I want to add a new column a3 to my dataframe df: If the strings of "b" contain strings of "b2" from dataframe df2, the new column a3 should append values from a2 of df2.
first dataframe df:
d = {'a': [100, 300], 'b': ["abc", "dfg"]}
df = pd.DataFrame(data=d, index=[1, 2])
print(df)
a b
1 100 abc
2 300 dfg
second dataframe df2:
d2 = {'a2': ["L1", "L2", "L3"], 'b2': ["bc", "op", "fg"]}
df2 = pd.DataFrame(data=d2, index=[1, 2, 3])
print(df2)
a2 b2
1 L1 bc
2 L2 op
3 L3 fg
The output should look like this:
print(df)
a b a3
1 100 abc L1
2 300 dfg L3
I tried a nested for loop, which did not work.
for i in df.b:
for ii in df2.b2:
for iii in df2.a3:
if ii in i:
df["a3"]=iii
CodePudding user response:
You need to test all combinations.
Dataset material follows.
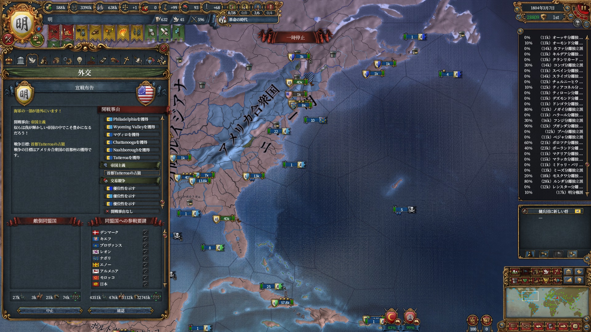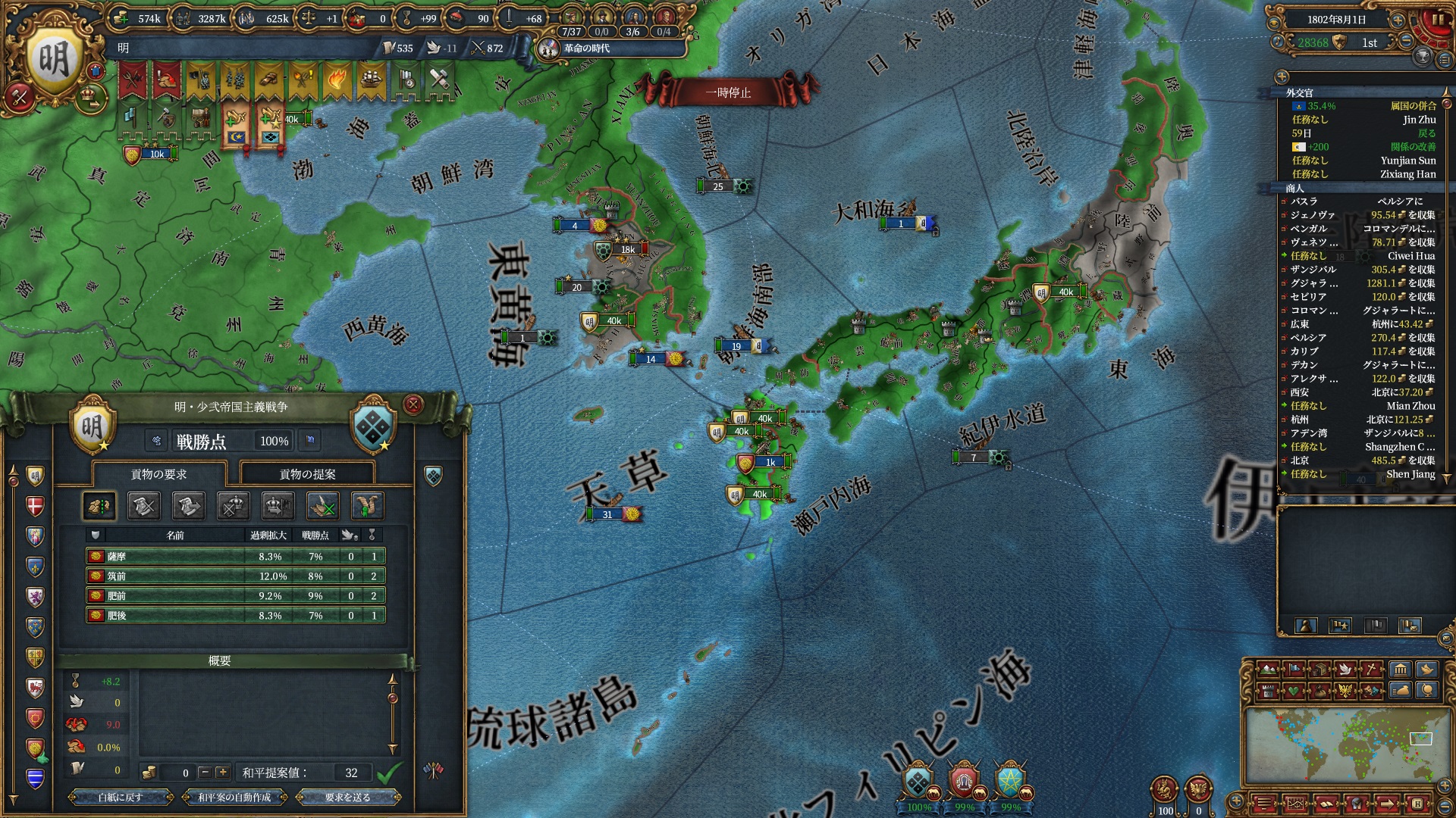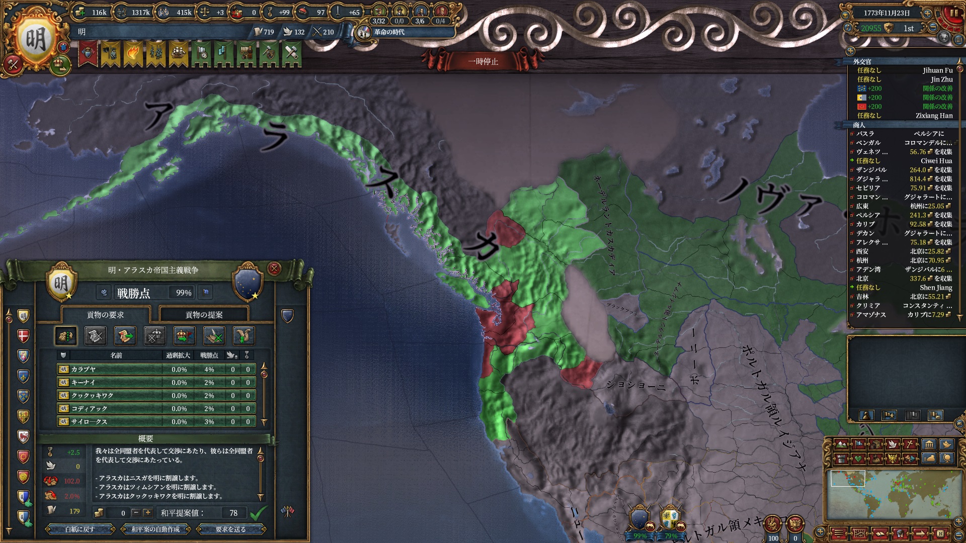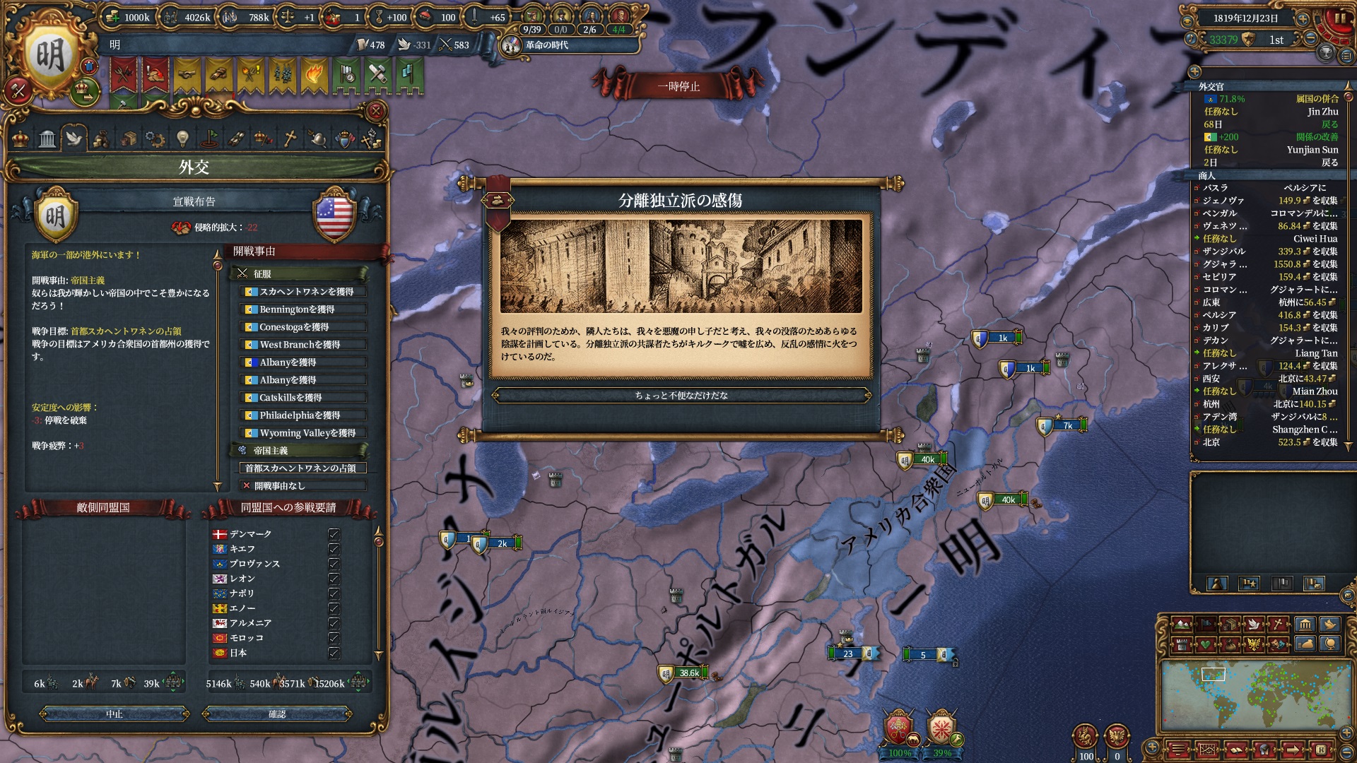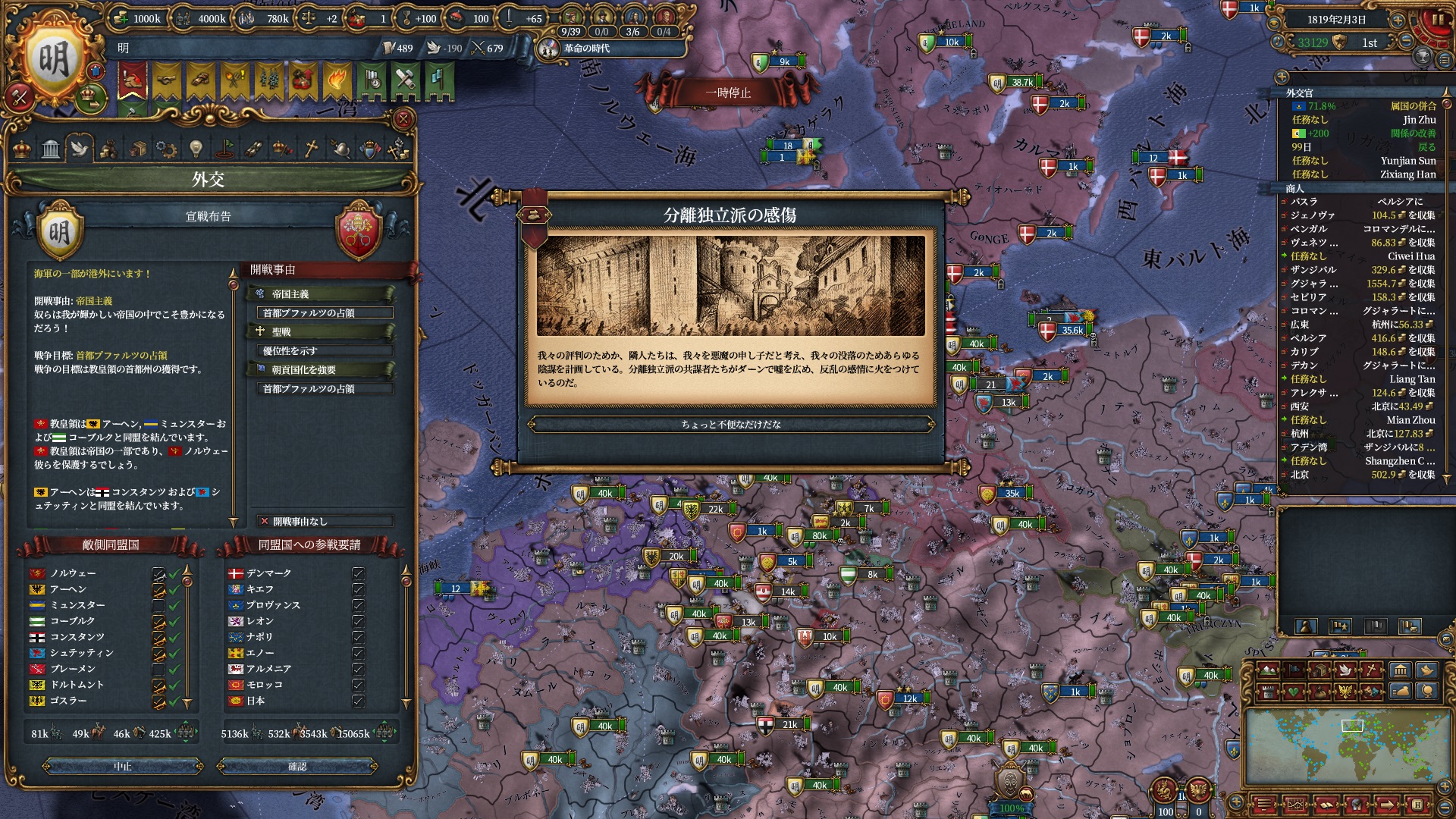 今回の世界線としてはイギリスが伸びたのと対オスマンで苦心した反面他の列強国が軒並み成長に難を抱えており、この2国を抑えた後の残りの掃除が楽になりがちな世界線となっていました。

You could still take advantage of pandas vector str.contains
:
common = (pd.DataFrame({x: df['b'].str.contains(x) for x in df2['b2']})
.replace({False: pd.NA})
.stack()
.reset_index(level=1, name='b2')['level_1'].rename('b2')
)
# 1 bc
# 2 fg
# Name: b2, dtype: object
df.join(common).merge(df2, on='b2')
output:
a b b2 a2
0 100 abc bc L1
1 300 dfg fg L3
CodePudding user response:
Among a lof of approaches, you can use list comprehension:
df["a2"] = [df2.iloc[i]["a2"] for y in df.b for i,x in enumerate(df2.b2) if x in y]
df
Output
a | b | a2 | |
---|---|---|---|
1 | 100 | abc | L1 |
2 | 300 | dfg | L3 |
And note that, it shouldn't be d2 = {'a2': [10, 30, 25], 'b2': ["bc", "op", "fg"]}
, rather it should be d2 = {'a2': ["L1", "L2", "L3"], 'b2': ["bc", "op", "fg"]}
.